«L’Unité d’Habitation crée un phénomène social productif dans lequel l’individuel et le collectif s’équilibrent dans une juste répartition des fonctions de la vie quotidienne»*. Cette citation de Le Corbusier est-elle toujours d’actualité ?
France | Logements
1945, pose de la première pierre de la Cité Radieuse, livrée en 1952 à Marseille. Avec cette œuvre monumentale, à la fois entité fonctionnelle et familiale exemplaire, Le Corbusier et ses ‘unités d’habitation’ ont métamorphosé juste après-guerre le monde de la construction.
Cette réponse inventive au problème récurrent du logement collectif transformait profondément, en France, l’idée même de cet habitat, ne serait-ce qu’en y faisant porter une attention nouvelle.
Si les cités de Le Corbusier ont écrit une nouvelle page des annales du logement en France, l’histoire du logement social remonte plus loin dans le temps.
Au début du XIXe siècle, l’apparition massive de logements insalubres aux loyers exorbitants a suscité la lutte menée ensuite par le mouvement hygiéniste pour leur éradication. Les premiers logements sociaux parisiens sont livrés en 1851 rue Rochechouart à la Cité Napoléon, une ‘cité ouvrière’ qui fut à l’époque un événement architectural sans précédent.
Dès lors, les logements sociaux se sont multipliés. Sous différentes formes, avec des matériaux divers, demeure une seule problématique : l’amélioration de l’habitat.

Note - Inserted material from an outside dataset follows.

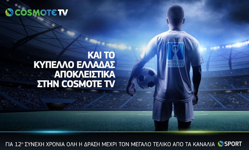 Η COSMOTE TV εξασφάλισε τα αποκλειστικά δικαιώματα μετάδοσης του Κυπέλλου Ελλάδας ποδοσφαίρου, του θεσμού των μεγάλων εκπλήξεων. Για δωδέκατη συνεχή χρονιά, τα κανάλια COSMOTE SPORT θα μεταφέρουν την αγωνιστική δράση, από την 5η φάση μέχρι και τον μεγάλο τελικό. Το Κύπελλο Ελλάδας έρχεται να προστεθεί στο ήδη πλούσιο αθλητικό πρόγραμμα της COSMOTE TV, που περιλαμβάνει περισσότερες από 60 κορυφαίες διοργανώσεις σε ποδόσφαιρο, μπάσκετ, τένις, μηχανοκίνητα και άλλα δημοφιλή αθλήματα και πάνω από 8.000ώρες live μεταδόσεων.

Dans les années 80, Jean Renaudie a signé le projet de la Cité du Parc à Ivry-sur-Seine, tandis que Jean Nouvel signait un peu plus tard le projet Nemausus 1 à Nîmes. L’évènement était d’importance. Là aussi, la physionomie du logement social aurait pu évoluer. Ces deux exemples sont restés, pour diverses raisons, «uniques», voire «utopiques».
En France, depuis dix ans, face aux besoins, l’innovation architecturale est le fait de nombre d’architectes, connus ou inconnus, qui se sont penchés sur ce sujet. De la classe politique, qui veut voir dans le logement social le retour d’une «certaine mixité», aux promoteurs, hommes d’affaires fructueuses, en passant par les médias de bonne conscience, le buzz actuel est sans précédent. Les architectes ont donc à juste titre cru pouvoir expérimenter de nouvelles idées.
Ainsi, le logement social n’est plus ni cité ouvrière ni barre mais peut prendre la forme d’une maison (déjà dans les années ’60 ndlr), être joyeux et accueillant, devenir somptueux même. Il met en oeuvre les dernières technologies, est respectueux de l’environnement tout en s’insérant brillamment dans le tissu urbain préexistant.
Aujourd’hui, au 149-151, rue Cardinet, à Paris, Franklin Azzi a conçu le premier immeuble doté de panneaux photovoltaïques, un chantier d’une forte portée symbolique. Le logement social, un logement de luxe ? Une illusion ?
D’un autre côté, Patrick Nadeau propose, près de Reims, des maisons couvertes de végétation. Le projet s’inscrit dans le cadre de l’opération ‘Maison 2020’, un concours lancé par la société HLM l’Effort Rémois qui a laissé libre cours à l’imagination des architectes.
Ici, l’architecte allie l’idée de la maison traditionnelle avec des matériaux nouveaux (polycarbonate en façade), un toit végétal en forme de vague et l’accessibilité à des locataires aux revenus modestes.
A Paris, le Pavillon de l’Arsenal présente, jusqu’au 4 mars 2012, une exposition intitulée ‘Habiter 2011’ qui, selon ses organisateurs, expose l’ensemble des concours d’architecture pour de nouveaux logements à Paris. On y trouve une multitude de logements sociaux. Ici, foin de l’utopie, retour à la réalité de la grande ville avec ses parcelles exiguës, son cahier des charges plus qu’exigeant, les diverses lois que l’on soupçonne d’exister que pour rendre les choses encore plus difficiles. Il n’y a pas de place, juste le minimum pour «faire au mieux».
Une présentation claire, des maquettes soignées, des perspectives colorées. Dans un projet, l’audace de quelques éoliennes, orphelines pourtant sur l’un de ses toits en retrait (visibles sur une coupe mais pas trop ailleurs). Pour ne pas choquer ?
Ici, une façade drapée de métal, là une autre en brique, ailleurs encore une façade habillée de panneaux de bois ou dotée de quelques tâches de couleur acidulées. Des jardins intérieurs, des double peaux, des études spécifiques, tout un florilège de projets qui se plient aux exigences de notre société.
A trop plier…
Sipane Hoh
* Le Corbusier, rapport à la Commission des Nations Unies, L’Homme et l’architecture, n°11-12-13-14, 1947.
N.B. Cet article est paru en première publication dans le courrier de l’architecte le 01 Février 2012.